(Listed entries begins)

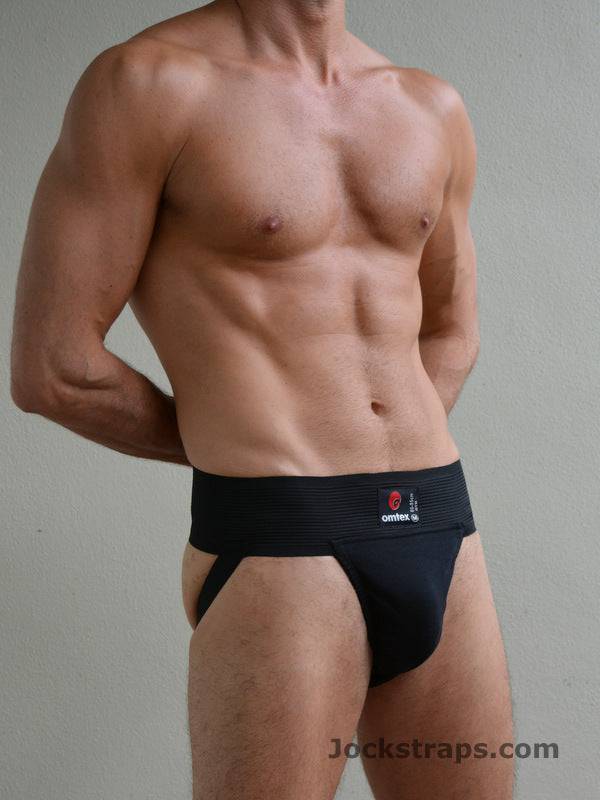 The Omtex Gym supporter is your basic all-cotton jockstrap with a 3" waistband featuring the Omtex logo on the waistband.Ā The soft cotton pouch is made of two layers of fabric for added support.Ā Includes 1" leg straps in the same color as the waistband.Ā This jock is in solid colors.
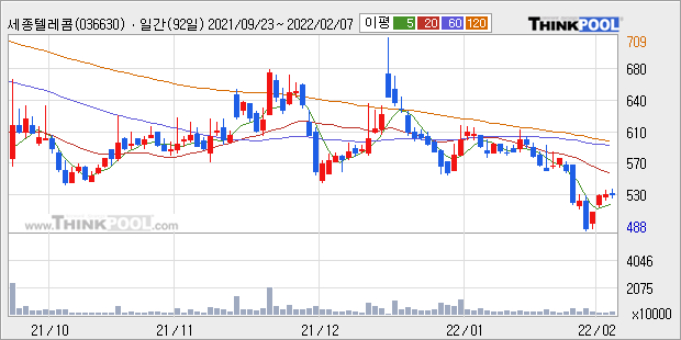 [그래프]세종텔레콤 일봉 차트
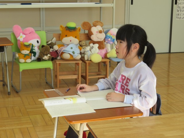 2年生は、国語で物語「みきのたからもの」の学習をしていました。今日は、二の場面を読んであらすじを把握し、主人公のみきさんがどんな子なのかを想像しました。一の場面同様、みきさんの行動から、みきさんがやさしい子であると想像していました。明日は、三の場面の学習です。次はどんな出来事が起こるのか、楽しみですね。
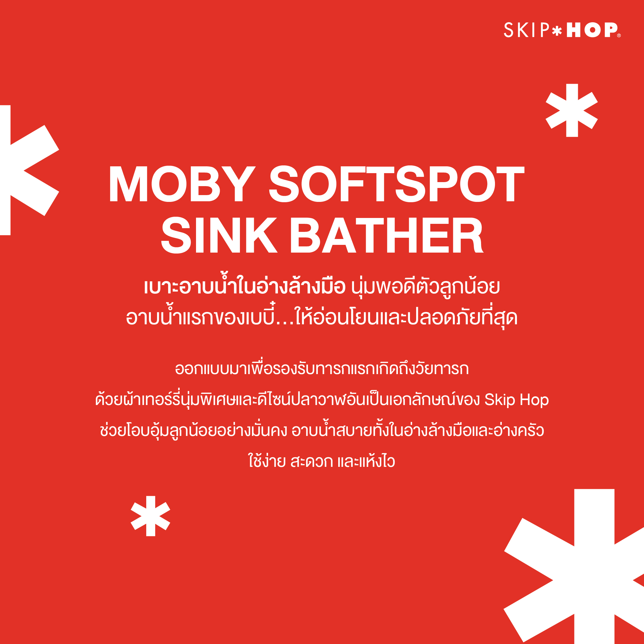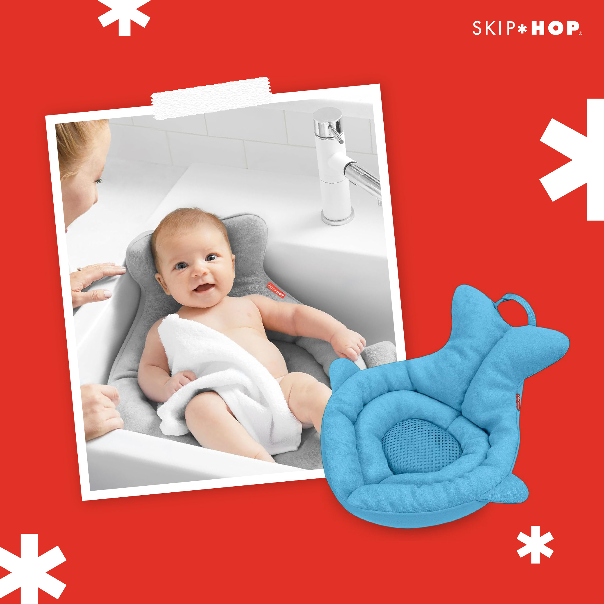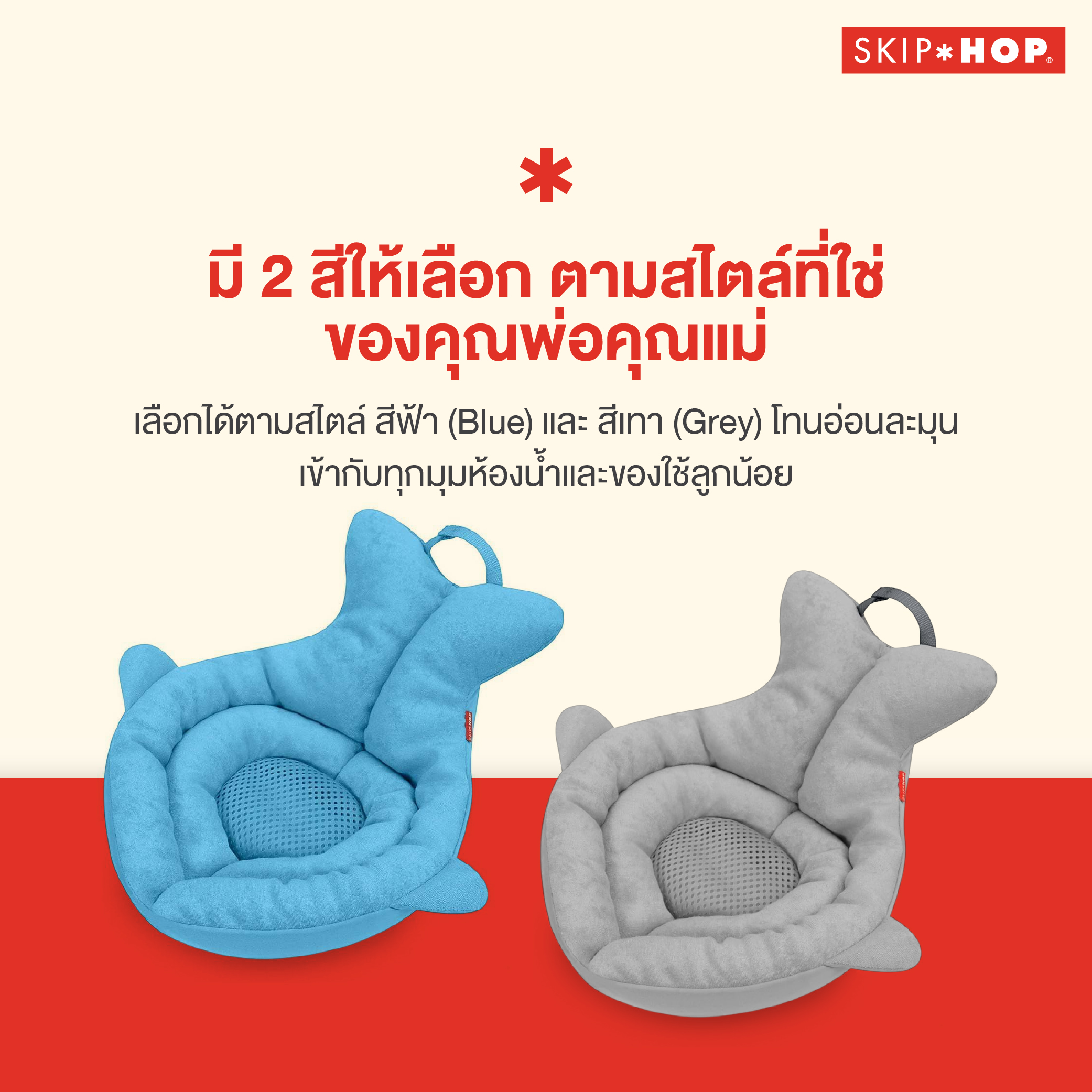 เบาะอาบน้ำสำหรับทารกแรกเกิด ดีไซน์ปลาวาฬ Moby สีเทาเรียบสวย จาก Skip Hop ผลิตจากโฟมนุ่ม ช่วยรองรับสรีระลูกน้อยขณะอาบน้ำ ใช้งานร่วมกับอ่างล้างหน้าได้อย่างสะดวก ปลอดภัย และสบายตัว เหมาะสำหรับการอาบน้ำลูกน้อยในช่วงแรกเกิด
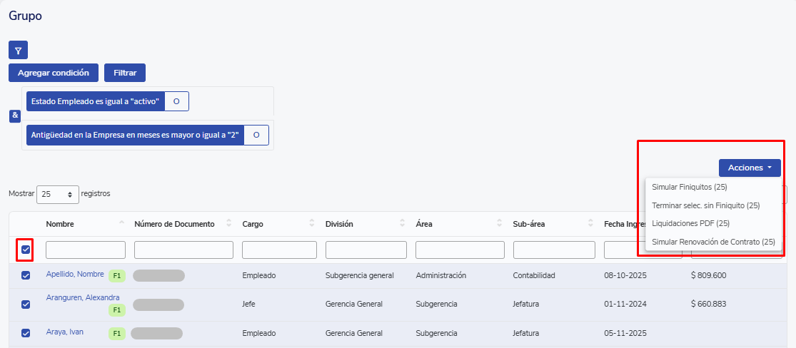 Dentro de cada grupo você poderá realizar estas ações em massa: simular rescisões, encerrar selecionados sem rescisão, obter suas liquidações em PDF ou simular a renovação de contrato.
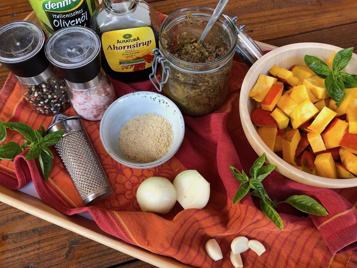 - 1 Hokkaido-Kürbis, in ca 1 cm große Stücke gewürfelt
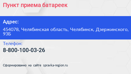 Пункт приема батареек по адресу 454078, Челябинская область, Челябинск, Дзержинского, 93Б в дальнейшем Организация, размещена в следующих категориях:
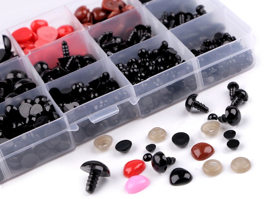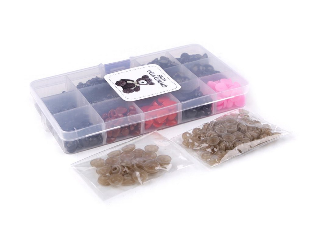 - 5 přihrádek bezpečnostních černých očí - Ø6; 7,5; 10; 12 a 14 mm - v každé přihrádce je jiná velikost očí
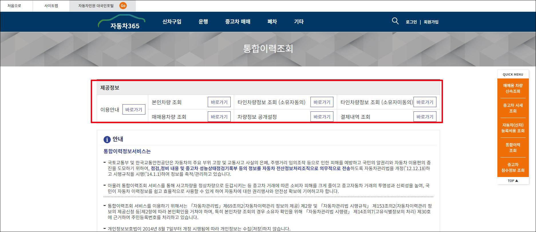 ※ 본인차량 조회 / 타인차량정보 조회 / 차량정보 공개설정 / 매매용차량 조회 / 결제내역 조회 등
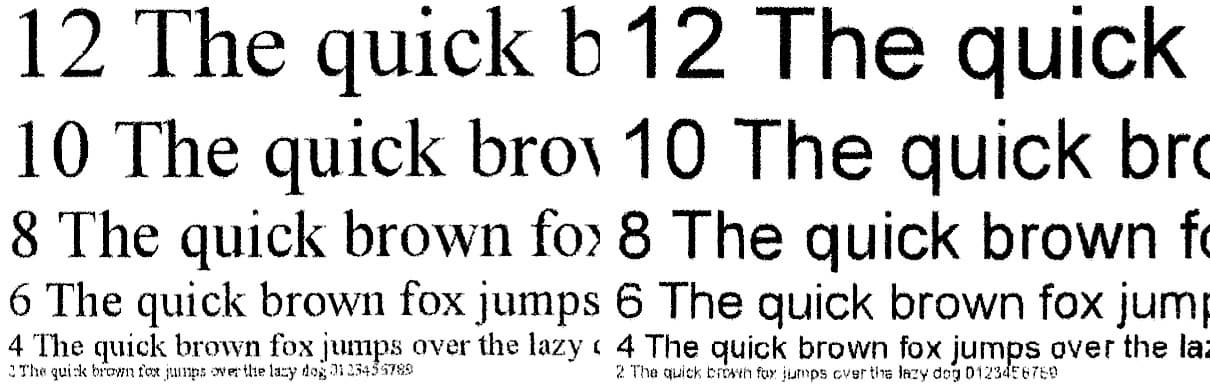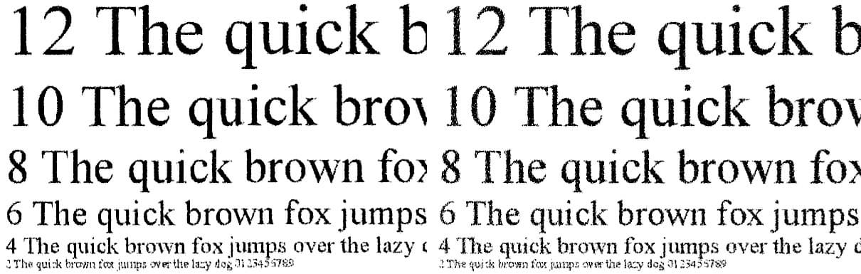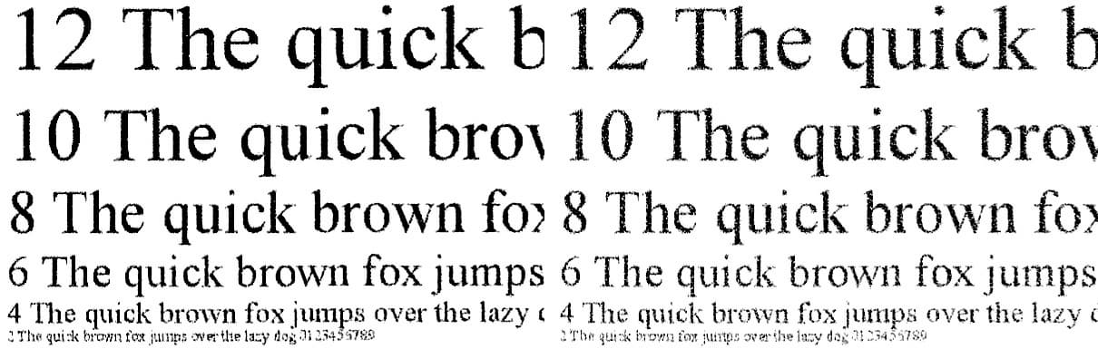 Сделанные с отпечатка, на котором отчетливо читаются шрифты 2-го кегля, копии получаются весьма неплохо: 4-й кегль без засечек читается нормально, с засечками — не столь уверенно, заливки достаточно плотные, контуры букв ровные, хотя при увеличении можно заметить белые точки и другие искажения.
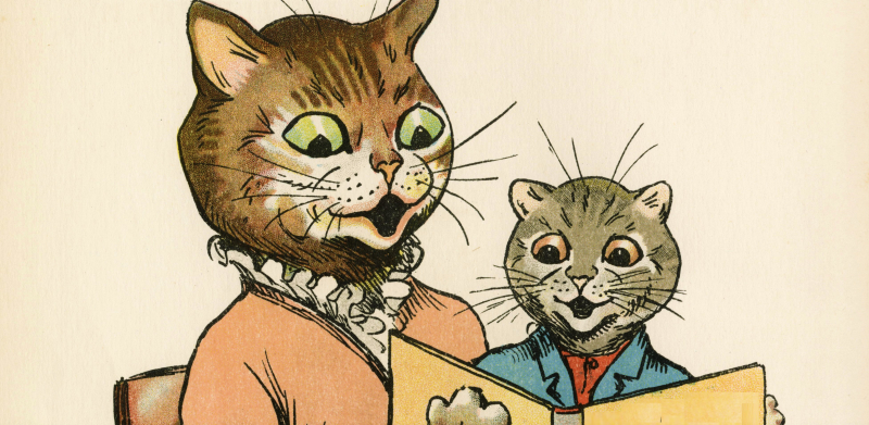 In Louis Wain's imaginary Catland, cats dressed in human clothes, played golf and hosted tea parties. And they were a publishing sensation. In the early 20th century, in spite of a tragic personal life, Wain sold hundreds of his Catland paintings, postcards and picture books every year. Some people even credit him with popularizing the keeping of cats as pampered house pets in the English-speaking world. We have several Louis Wain items on display, including this all-cat adaptation of Heinrich Hoffman's terrifying German classic, Struwwelpeter.
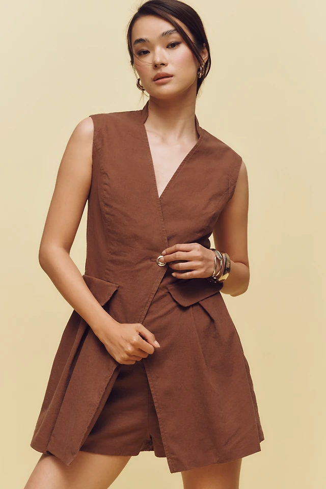 By Anthropologie Linen Blend Sleeveless Vest Romper
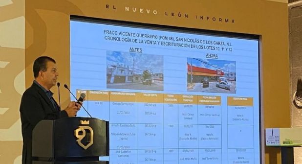 Anteriormente, el Secretario General de Gobierno, Javier Navarro, y el director de Fomento Metropolitano de Monterrey (Fomerrey), Eugenio Montiel, notificaron que denunciarán a Nora “N”, esposa del exalcalde de San Nicolás, por la presunta obtención irregular de tres lotes contiguos en la colonia Fomerrey 46 Vicente Guerrero.
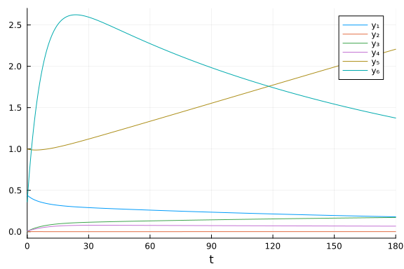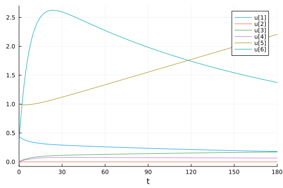 mmprob = ODEProblem(mmf, [0.444,0.00123,0.0,0.007,1.0,115.83*0.444*0.007], tspan)

(Listed entries ends)

### What is required
Every record is to be repeated exactly, and no picture is carried over.

### Exercise answer
 The Omtex Gym supporter is your basic all-cotton jockstrap with a 3" waistband featuring the Omtex logo on the waistband.Ā The soft cotton pouch is made of two layers of fabric for added support.Ā Includes 1" leg straps in the same color as the waistband.Ā This jock is in solid colors.
 [그래프]세종텔레콤 일봉 차트
 2年生は、国語で物語「みきのたからもの」の学習をしていました。今日は、二の場面を読んであらすじを把握し、主人公のみきさんがどんな子なのかを想像しました。一の場面同様、みきさんの行動から、みきさんがやさしい子であると想像していました。明日は、三の場面の学習です。次はどんな出来事が起こるのか、楽しみですね。
 เบาะอาบน้ำสำหรับทารกแรกเกิด ดีไซน์ปลาวาฬ Moby สีเทาเรียบสวย จาก Skip Hop ผลิตจากโฟมนุ่ม ช่วยรองรับสรีระลูกน้อยขณะอาบน้ำ ใช้งานร่วมกับอ่างล้างหน้าได้อย่างสะดวก ปลอดภัย และสบายตัว เหมาะสำหรับการอาบน้ำลูกน้อยในช่วงแรกเกิด
 Dentro de cada grupo você poderá realizar estas ações em massa: simular rescisões, encerrar selecionados sem rescisão, obter suas liquidações em PDF ou simular a renovação de contrato.
 - 1 Hokkaido-Kürbis, in ca 1 cm große Stücke gewürfelt
 Пункт приема батареек по адресу 454078, Челябинская область, Челябинск, Дзержинского, 93Б в дальнейшем Организация, размещена в следующих категориях:
 - 5 přihrádek bezpečnostních černých očí - Ø6; 7,5; 10; 12 a 14 mm - v každé přihrádce je jiná velikost očí
 ※ 본인차량 조회 / 타인차량정보 조회 / 차량정보 공개설정 / 매매용차량 조회 / 결제내역 조회 등
 Сделанные с отпечатка, на котором отчетливо читаются шрифты 2-го кегля, копии получаются весьма неплохо: 4-й кегль без засечек читается нормально, с засечками — не столь уверенно, заливки достаточно плотные, контуры букв ровные, хотя при увеличении можно заметить белые точки и другие искажения.
 In Louis Wain's imaginary Catland, cats dressed in human clothes, played golf and hosted tea parties. And they were a publishing sensation. In the early 20th century, in spite of a tragic personal life, Wain sold hundreds of his Catland paintings, postcards and picture books every year. Some people even credit him with popularizing the keeping of cats as pampered house pets in the English-speaking world. We have several Louis Wain items on display, including this all-cat adaptation of Heinrich Hoffman's terrifying German classic, Struwwelpeter.
 By Anthropologie Linen Blend Sleeveless Vest Romper
 Anteriormente, el Secretario General de Gobierno, Javier Navarro, y el director de Fomento Metropolitano de Monterrey (Fomerrey), Eugenio Montiel, notificaron que denunciarán a Nora “N”, esposa del exalcalde de San Nicolás, por la presunta obtención irregular de tres lotes contiguos en la colonia Fomerrey 46 Vicente Guerrero.
 mmprob = ODEProblem(mmf, [0.444,0.00123,0.0,0.007,1.0,115.83*0.444*0.007], tspan)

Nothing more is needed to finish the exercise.